[Stored entries]
···

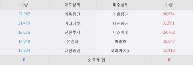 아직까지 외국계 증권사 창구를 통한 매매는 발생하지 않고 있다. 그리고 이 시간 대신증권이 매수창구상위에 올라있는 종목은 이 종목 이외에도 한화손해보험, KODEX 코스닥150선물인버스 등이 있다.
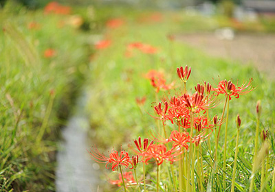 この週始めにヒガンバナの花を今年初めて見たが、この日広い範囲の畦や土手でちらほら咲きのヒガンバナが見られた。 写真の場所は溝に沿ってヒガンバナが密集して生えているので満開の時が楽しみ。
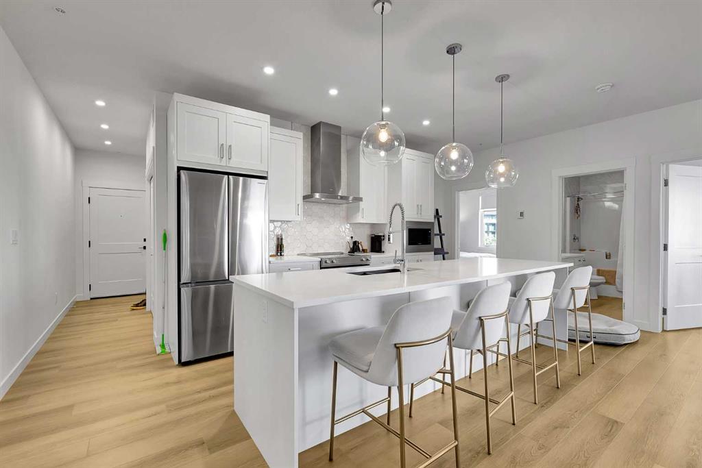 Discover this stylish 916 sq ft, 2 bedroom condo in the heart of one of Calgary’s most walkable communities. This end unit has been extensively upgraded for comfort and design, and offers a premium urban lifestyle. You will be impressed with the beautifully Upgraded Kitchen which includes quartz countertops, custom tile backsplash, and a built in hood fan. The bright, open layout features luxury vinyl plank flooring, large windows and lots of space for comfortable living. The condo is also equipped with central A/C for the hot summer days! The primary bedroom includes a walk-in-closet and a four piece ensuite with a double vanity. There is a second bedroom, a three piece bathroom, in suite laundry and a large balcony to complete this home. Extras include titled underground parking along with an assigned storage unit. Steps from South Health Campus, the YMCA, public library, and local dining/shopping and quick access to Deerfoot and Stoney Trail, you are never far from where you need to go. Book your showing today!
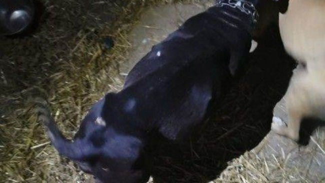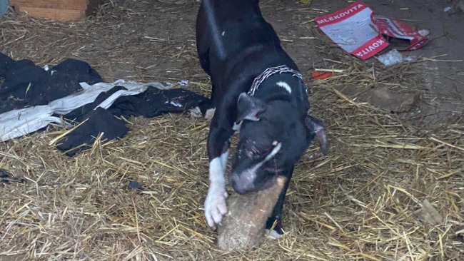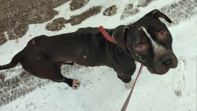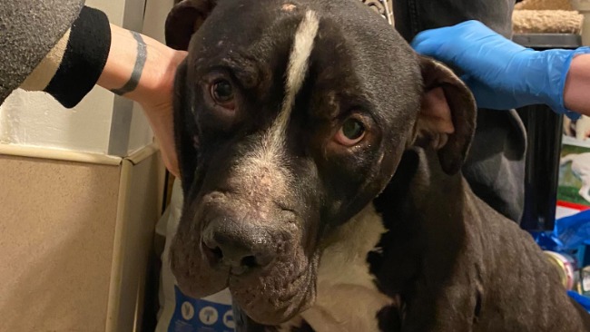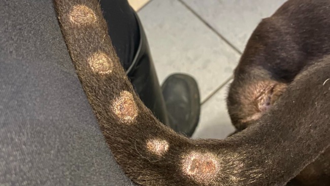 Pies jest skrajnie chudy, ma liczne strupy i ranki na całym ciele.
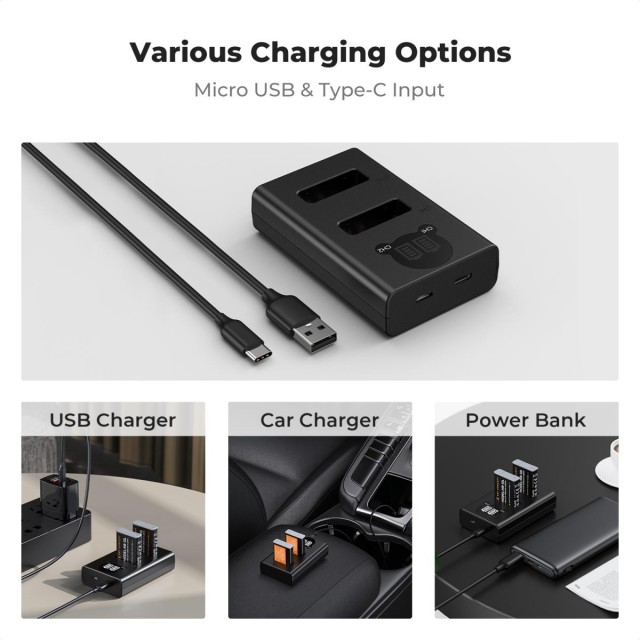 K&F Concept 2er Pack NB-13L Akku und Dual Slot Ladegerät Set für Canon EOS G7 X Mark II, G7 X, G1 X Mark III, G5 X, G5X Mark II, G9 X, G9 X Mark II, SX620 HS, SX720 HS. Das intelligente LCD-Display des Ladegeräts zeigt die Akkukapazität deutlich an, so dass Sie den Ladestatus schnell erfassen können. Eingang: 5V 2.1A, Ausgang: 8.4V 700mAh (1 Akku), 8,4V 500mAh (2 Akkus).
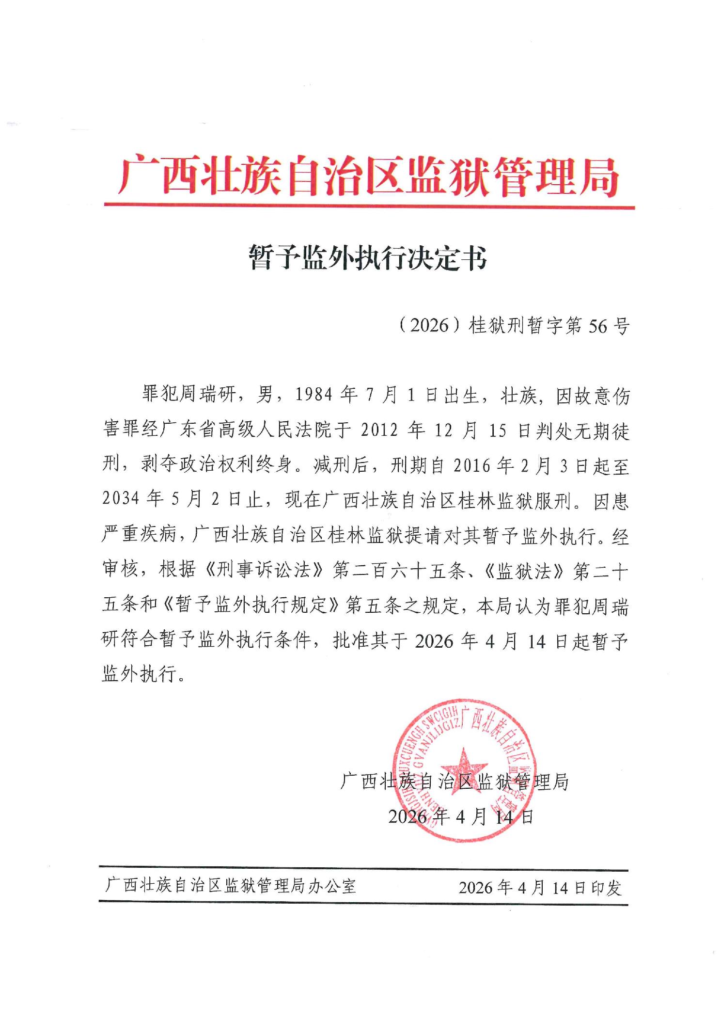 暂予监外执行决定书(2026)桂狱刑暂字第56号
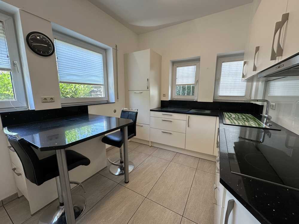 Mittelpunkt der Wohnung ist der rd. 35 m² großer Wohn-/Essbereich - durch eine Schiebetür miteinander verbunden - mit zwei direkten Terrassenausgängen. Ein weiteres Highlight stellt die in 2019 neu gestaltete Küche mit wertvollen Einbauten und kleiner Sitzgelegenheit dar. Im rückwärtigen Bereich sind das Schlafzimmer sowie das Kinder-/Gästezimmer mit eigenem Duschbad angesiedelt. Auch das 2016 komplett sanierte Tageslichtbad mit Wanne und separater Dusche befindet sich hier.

···

▶ **What is needed**
Copy out the data verbatim, with no pictures.

▶ **Solution**
 아직까지 외국계 증권사 창구를 통한 매매는 발생하지 않고 있다. 그리고 이 시간 대신증권이 매수창구상위에 올라있는 종목은 이 종목 이외에도 한화손해보험, KODEX 코스닥150선물인버스 등이 있다.
 この週始めにヒガンバナの花を今年初めて見たが、この日広い範囲の畦や土手でちらほら咲きのヒガンバナが見られた。 写真の場所は溝に沿ってヒガンバナが密集して生えているので満開の時が楽しみ。
 Discover this stylish 916 sq ft, 2 bedroom condo in the heart of one of Calgary’s most walkable communities. This end unit has been extensively upgraded for comfort and design, and offers a premium urban lifestyle. You will be impressed with the beautifully Upgraded Kitchen which includes quartz countertops, custom tile backsplash, and a built in hood fan. The bright, open layout features luxury vinyl plank flooring, large windows and lots of space for comfortable living. The condo is also equipped with central A/C for the hot summer days! The primary bedroom includes a walk-in-closet and a four piece ensuite with a double vanity. There is a second bedroom, a three piece bathroom, in suite laundry and a large balcony to complete this home. Extras include titled underground parking along with an assigned storage unit. Steps from South Health Campus, the YMCA, public library, and local dining/shopping and quick access to Deerfoot and Stoney Trail, you are never far from where you need to go. Book your showing today!
 Pies jest skrajnie chudy, ma liczne strupy i ranki na całym ciele.
 K&F Concept 2er Pack NB-13L Akku und Dual Slot Ladegerät Set für Canon EOS G7 X Mark II, G7 X, G1 X Mark III, G5 X, G5X Mark II, G9 X, G9 X Mark II, SX620 HS, SX720 HS. Das intelligente LCD-Display des Ladegeräts zeigt die Akkukapazität deutlich an, so dass Sie den Ladestatus schnell erfassen können. Eingang: 5V 2.1A, Ausgang: 8.4V 700mAh (1 Akku), 8,4V 500mAh (2 Akkus).
 暂予监外执行决定书(2026)桂狱刑暂字第56号
 Mittelpunkt der Wohnung ist der rd. 35 m² großer Wohn-/Essbereich - durch eine Schiebetür miteinander verbunden - mit zwei direkten Terrassenausgängen. Ein weiteres Highlight stellt die in 2019 neu gestaltete Küche mit wertvollen Einbauten und kleiner Sitzgelegenheit dar. Im rückwärtigen Bereich sind das Schlafzimmer sowie das Kinder-/Gästezimmer mit eigenem Duschbad angesiedelt. Auch das 2016 komplett sanierte Tageslichtbad mit Wanne und separater Dusche befindet sich hier.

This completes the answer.